The Featurizer applies a specified featurization function to the input location data and generates the corresponding feature matrix. If no featurization function is provided, it produces a matrix with appropriate dimensions containing only ones.

Parameters:

  • featurization (Callable or None) –

    A function that takes in the individual components of location data and returns the features. If set to None, the featurizer will produce an empty feature matrix (i.e., only ones).

Examples:

Creating a Featurizer using a custom featurization function:

import tensorflow as tf
from geostat.model import Featurizer

# Define a custom featurization function
def simple_featurizer(x, y):
    return x, y, x * y

# Initialize the Featurizer
featurizer = Featurizer(simple_featurizer)

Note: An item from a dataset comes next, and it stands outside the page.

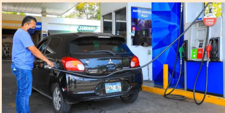
El gobierno no ha implementado políticas públicas para paliar la situación de los combustibles.

Los nuevos precios estarán vigentes del 14 al 27 de abril.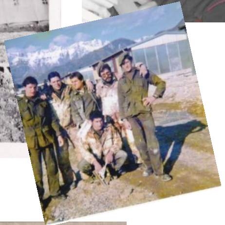
Riconoscimento ai soldati della Mantova per il generoso impegno dopo il terremoto

Using the Featurizer to transform location data:

locs = tf.constant([[1.0, 2.0], [3.0, 4.0], [5.0, 6.0]])
F_matrix = featurizer(locs)
print(F_matrix) # F_matrix will contain the features: (x, y, x*y) for each location
# tf.Tensor(
# [[ 1.  2.  2.]
#  [ 3.  4. 12.]
#  [ 5.  6. 30.]], shape=(3, 3), dtype=float32)

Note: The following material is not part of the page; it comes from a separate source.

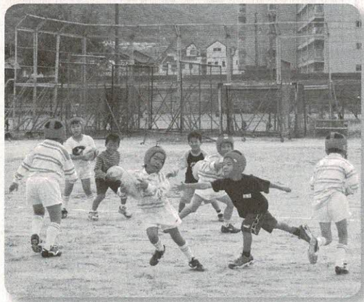
親子ふれあいタグラグビー

Handling the case where no featurization is provided:

featurizer_no_feat = Featurizer(None)
F_matrix = featurizer_no_feat(locs)
print(F_matrix) # Since no featurization function is provided, F_matrix will have shape (3, 0)
# tf.Tensor([], shape=(3, 0), dtype=float32)

Notes:

  • The __call__ method is used to apply the featurization to input location data.
  • If featurization returns a tuple, it is assumed to represent multiple features, which will be stacked to form the feature matrix.
Source code in src/geostat/model.py
class Featurizer:
    """
    Featurizer class for producing feature matrices (F matrix) from location data.

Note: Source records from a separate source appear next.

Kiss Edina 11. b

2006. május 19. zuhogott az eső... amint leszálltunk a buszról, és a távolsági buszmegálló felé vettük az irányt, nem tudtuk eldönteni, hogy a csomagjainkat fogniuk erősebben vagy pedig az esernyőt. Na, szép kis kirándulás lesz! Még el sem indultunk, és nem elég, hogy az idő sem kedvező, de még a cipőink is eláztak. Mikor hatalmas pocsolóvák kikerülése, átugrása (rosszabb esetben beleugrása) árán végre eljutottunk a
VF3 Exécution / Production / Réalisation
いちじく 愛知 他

    The `Featurizer` applies a specified featurization function to the input location data 
    and generates the corresponding feature matrix. If no featurization function is provided, 
    it produces a matrix with appropriate dimensions containing only ones.

    Parameters:
        featurization (Callable or None):
            A function that takes in the individual components of location data and returns the features.
            If set to `None`, the featurizer will produce an empty feature matrix (i.e., only ones).

    Examples:
        Creating a `Featurizer` using a custom featurization function:

        ```python
        import tensorflow as tf
        from geostat.model import Featurizer

        # Define a custom featurization function
        def simple_featurizer(x, y):
            return x, y, x * y

        # Initialize the Featurizer
        featurizer = Featurizer(simple_featurizer)
        ```

        Using the `Featurizer` to transform location data:

        ```python
        locs = tf.constant([[1.0, 2.0], [3.0, 4.0], [5.0, 6.0]])
        F_matrix = featurizer(locs)
        print(F_matrix) # F_matrix will contain the features: (x, y, x*y) for each location
        # tf.Tensor(
        # [[ 1.  2.  2.]
        #  [ 3.  4. 12.]
        #  [ 5.  6. 30.]], shape=(3, 3), dtype=float32)
        ```

        Handling the case where no featurization is provided:

        ```python
        featurizer_no_feat = Featurizer(None)
        F_matrix = featurizer_no_feat(locs)
        print(F_matrix) # Since no featurization function is provided, F_matrix will have shape (3, 0)
        # tf.Tensor([], shape=(3, 0), dtype=float32)
        ```

    Examples: Notes:
        - The `__call__` method is used to apply the featurization to input location data.
        - If `featurization` returns a tuple, it is assumed to represent multiple features, 
        which will be stacked to form the feature matrix.
    """

    def __init__(self, featurization):
        self.featurization = featurization

    def __call__(self, locs):
        locs = tf.cast(locs, tf.float32)
        if self.featurization is None: # No features.
            return tf.ones([tf.shape(locs)[0], 0], dtype=tf.float32)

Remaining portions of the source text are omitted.